(What is needed): The expected output is each line from the one containing "2R、佐野は右ローを入れなが" to the last line of the data below, set down exactly, minus the pictures.
Segment Start: Data
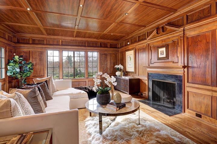 The grand and elegant family room with original Palladian style wood details from the 1930's at the Alan Dwan estate in Holmby Hills listed at $22,850,000 click here for all the details 👉🏻 355 South Mapleton Drive
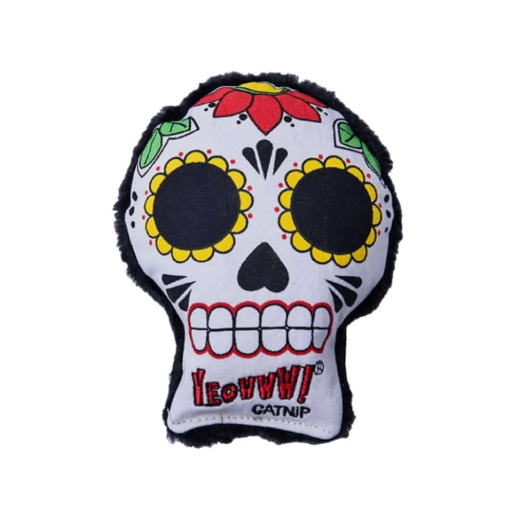 Based on the design of calaveras, the decorative skulls emblematic of Día de los Muertos, La CAT-rina is an elegant and colorful feast for kitty’s senses. The face is covered with our durable cotton twill, perfect for withstanding celebratory
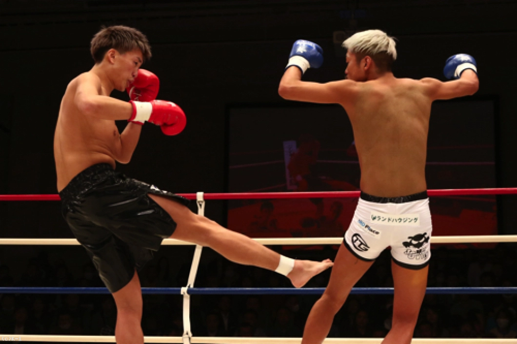 2R、佐野は右ローを入れながら芦澤を追っていく。芦澤はリズミカルなフットワークと上体の振りからジャブ・ストレートを放っていくが、佐野はこれに惑わされず、近距離で打ち合いを展開。しかし打ち合いになると芦澤はアグレッシブさと当て勘のよさを光らせ、ヒザから左フック、右ストレートと連続で佐野をとらえる。佐野もしかし三日月蹴りで反撃するが、ここは芦澤が優勢な印象。
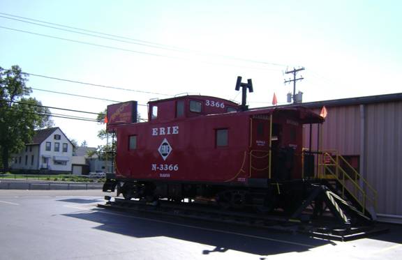 I had at least four and a half hours to kill, so I took a taxi to the Niagara Central hobby shop about a mile away. The cab driver was unsure where to go, so I pointed it out to him since I had been there in the past. When it came time to turn onto Union Road, we did, but we had to get over, but an 18-wheeler was blocking us, so we had to wait. When we did change lanes, a road-rager yelled at us. I resisted the urge to give him the finger and we arrived at the hobby store. I paid the fare and went inside the store where I left my stuff at the counter and looked around. I noticed they had a camera pointing out at the CSX main behind the store where I had just come in. I eventually bought an HO scale model of a BNSF GP38. I then went outside and photographed the former Erie caboose in the parking lot before I went inside it and looked around.
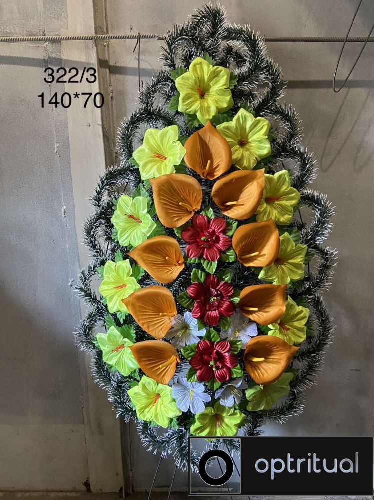 Ми пропонуємо лише якісний товар Ритуальні товари Вінок 322/3 150-60 см по вигідній ціні 370 грн для ритуальних церемоній з доставкою по всій Україні
Segment End: Data
(Written solution):
 2R、佐野は右ローを入れながら芦澤を追っていく。芦澤はリズミカルなフットワークと上体の振りからジャブ・ストレートを放っていくが、佐野はこれに惑わされず、近距離で打ち合いを展開。しかし打ち合いになると芦澤はアグレッシブさと当て勘のよさを光らせ、ヒザから左フック、右ストレートと連続で佐野をとらえる。佐野もしかし三日月蹴りで反撃するが、ここは芦澤が優勢な印象。
 I had at least four and a half hours to kill, so I took a taxi to the Niagara Central hobby shop about a mile away. The cab driver was unsure where to go, so I pointed it out to him since I had been there in the past. When it came time to turn onto Union Road, we did, but we had to get over, but an 18-wheeler was blocking us, so we had to wait. When we did change lanes, a road-rager yelled at us. I resisted the urge to give him the finger and we arrived at the hobby store. I paid the fare and went inside the store where I left my stuff at the counter and looked around. I noticed they had a camera pointing out at the CSX main behind the store where I had just come in. I eventually bought an HO scale model of a BNSF GP38. I then went outside and photographed the former Erie caboose in the parking lot before I went inside it and looked around.
 Ми пропонуємо лише якісний товар Ритуальні товари Вінок 322/3 150-60 см по вигідній ціні 370 грн для ритуальних церемоній з доставкою по всій Україні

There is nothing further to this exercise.